- _Goal of the exercise_
Because the copy must hold no pictures, return the data below with all of its words intact.
[Data]
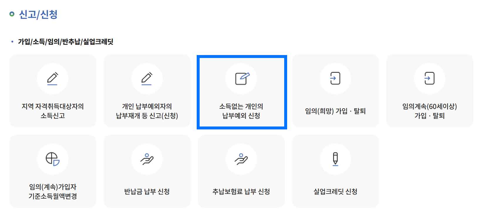 • 온라인 신청: 국민연금공단 홈페이지 접속 후 로그인   [전자민원 서비스] → [개인] → [신고·신청] [납부예외 신청]
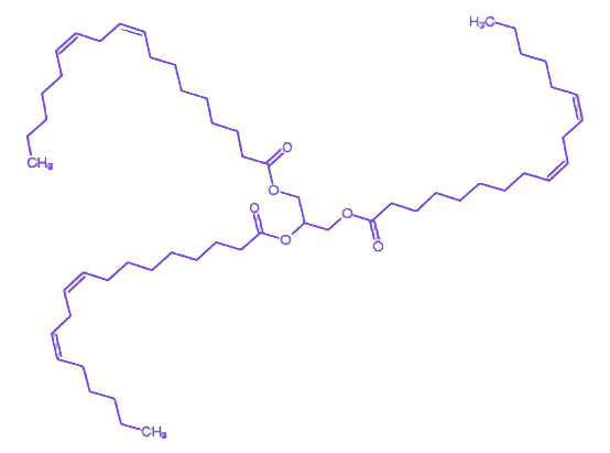 Trilinolein(甘油三亚油酸酯)是一种由甘油与三个亚油酸分子通过酯化反应形成的三酯类化合物,具有明确的化学结构和特定的合成路径。 其化学结构以甘油为骨架,分子中1、2、3位的羟基分别与三个亚油酸分子的羧基发生酯化反应。亚油酸作为构成成分,是一种十八碳二烯酸(C18:2),在碳链的9位和12位含有两个顺式双键,这种结构特征赋予了该化合物特定的化学性质和潜在应用价值。 在合成方法上,Trilinolein通常通过甘油与亚油酸在催化剂存在的条件下进行酯化反应制备,反应过程中需控制适当的温度、压力等条件以确保产物的纯度和收率。
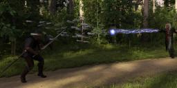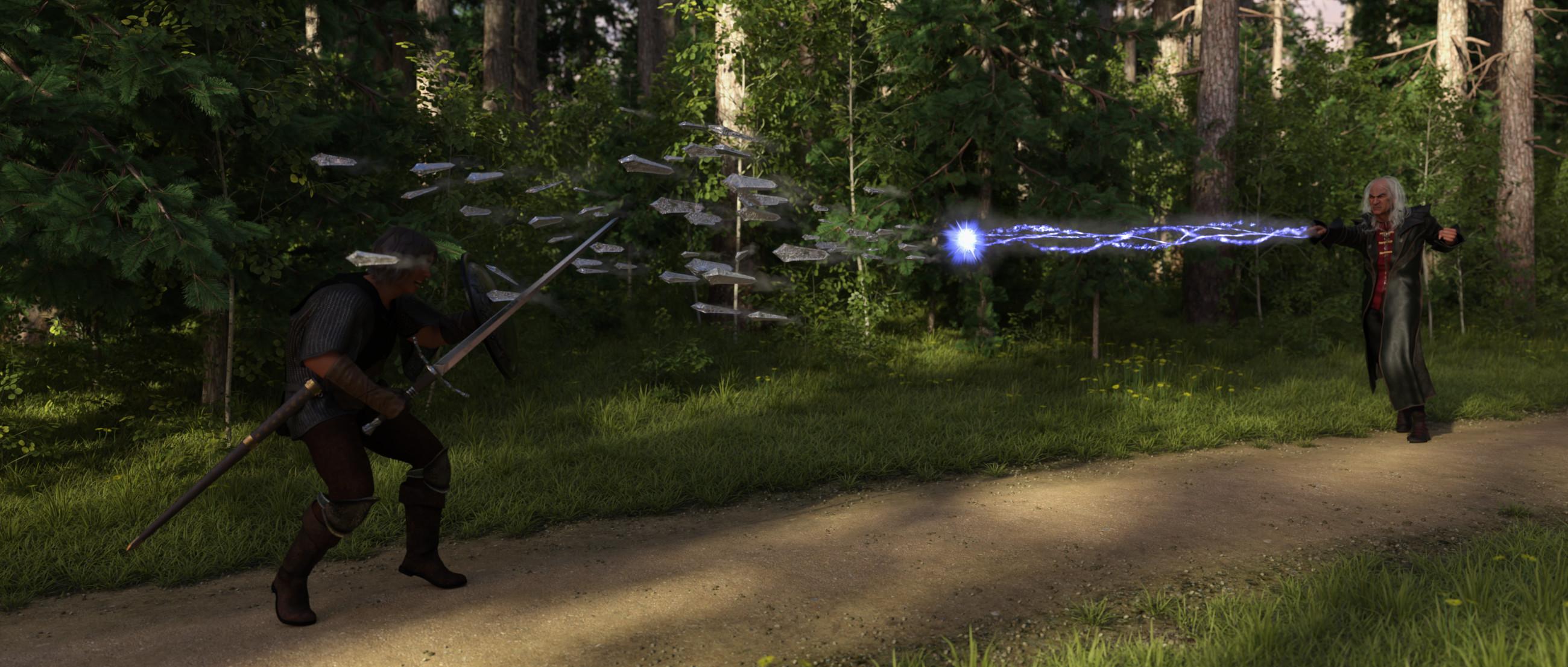 The man uses magic and raises a magic shield, and when Aered comes close, the man looks him in the eyes and says “Flee!”. Aered is terrified and runs away from the man. Gnosha silently swears: - “I hate wizards and magic”. Gnosha fires again, misses, reloads, fires again and misses again. Aered is now on the road, about 60 feet away. The man makes strange moves with his hands, and three magic missiles form and hit Ghosha in the chest, it hurts. Gnosha shouts: -”Aered, what are you doing? He is there!”
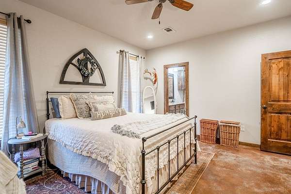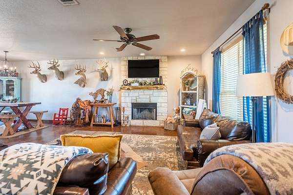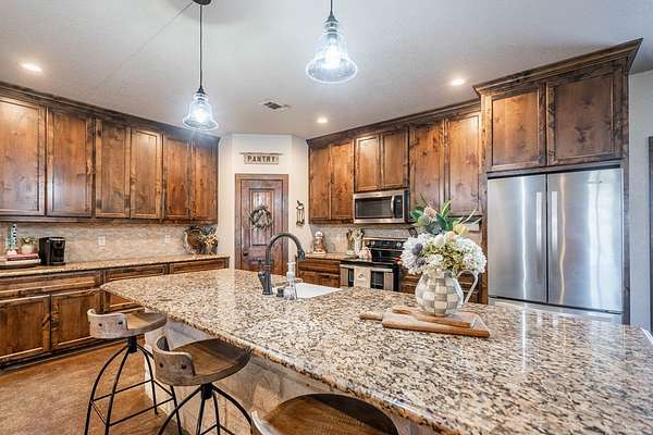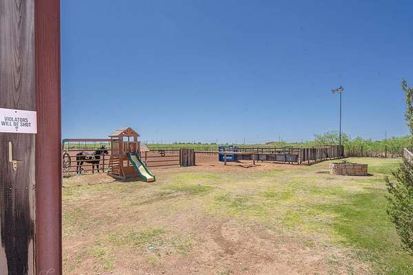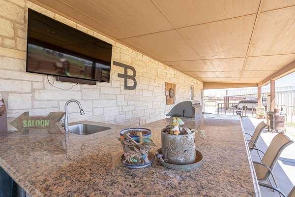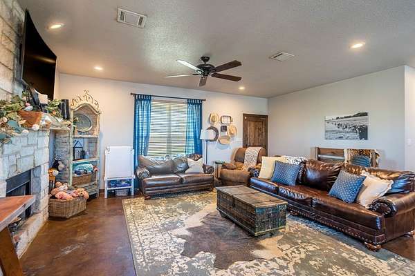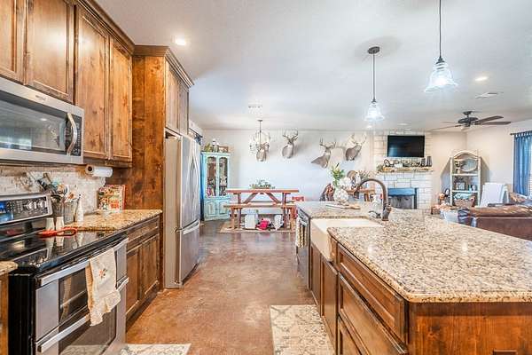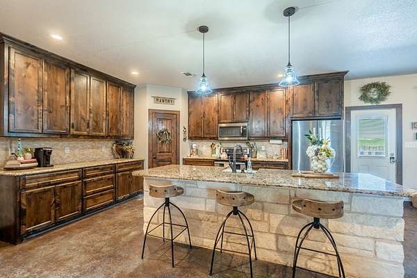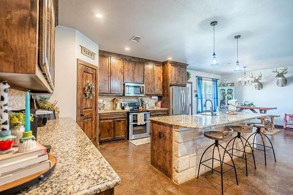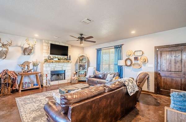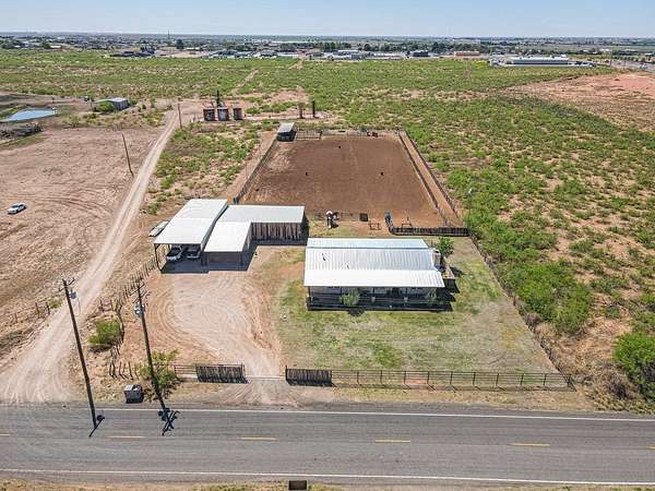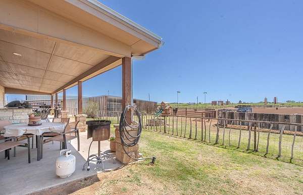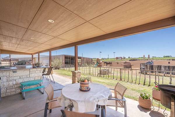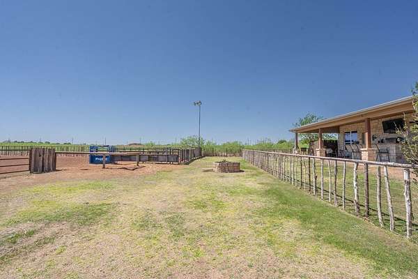 Est $3,429/moRemarkable horse property! Hill country-style home features an open-concept floor plan, showcasing a gorgeous farmhouse-style kitchen with a freestanding island and a walk-in pantry. Inviting living space with an Austin stone fireplace. Great-sized bedrooms with large walk-in closets. Step outside to find the impressive patio area with an outdoor kitchen overlooking the property. Roping arena with lights, horse barn, covered trailer/RV parking, and shop area. Property entirely fenced w/ gated entry. New standing seam metal roof and water heater. Own your own slice of West Texas Paradise!
[/Data]
- _Answer below_
 • 온라인 신청: 국민연금공단 홈페이지 접속 후 로그인   [전자민원 서비스] → [개인] → [신고·신청] [납부예외 신청]
 Trilinolein(甘油三亚油酸酯)是一种由甘油与三个亚油酸分子通过酯化反应形成的三酯类化合物,具有明确的化学结构和特定的合成路径。 其化学结构以甘油为骨架,分子中1、2、3位的羟基分别与三个亚油酸分子的羧基发生酯化反应。亚油酸作为构成成分,是一种十八碳二烯酸(C18:2),在碳链的9位和12位含有两个顺式双键,这种结构特征赋予了该化合物特定的化学性质和潜在应用价值。 在合成方法上,Trilinolein通常通过甘油与亚油酸在催化剂存在的条件下进行酯化反应制备,反应过程中需控制适当的温度、压力等条件以确保产物的纯度和收率。
 The man uses magic and raises a magic shield, and when Aered comes close, the man looks him in the eyes and says “Flee!”. Aered is terrified and runs away from the man. Gnosha silently swears: - “I hate wizards and magic”. Gnosha fires again, misses, reloads, fires again and misses again. Aered is now on the road, about 60 feet away. The man makes strange moves with his hands, and three magic missiles form and hit Ghosha in the chest, it hurts. Gnosha shouts: -”Aered, what are you doing? He is there!”
 Est $3,429/moRemarkable horse property! Hill country-style home features an open-concept floor plan, showcasing a gorgeous farmhouse-style kitchen with a freestanding island and a walk-in pantry. Inviting living space with an Austin stone fireplace. Great-sized bedrooms with large walk-in closets. Step outside to find the impressive patio area with an outdoor kitchen overlooking the property. Roping arena with lights, horse barn, covered trailer/RV parking, and shop area. Property entirely fenced w/ gated entry. New standing seam metal roof and water heater. Own your own slice of West Texas Paradise!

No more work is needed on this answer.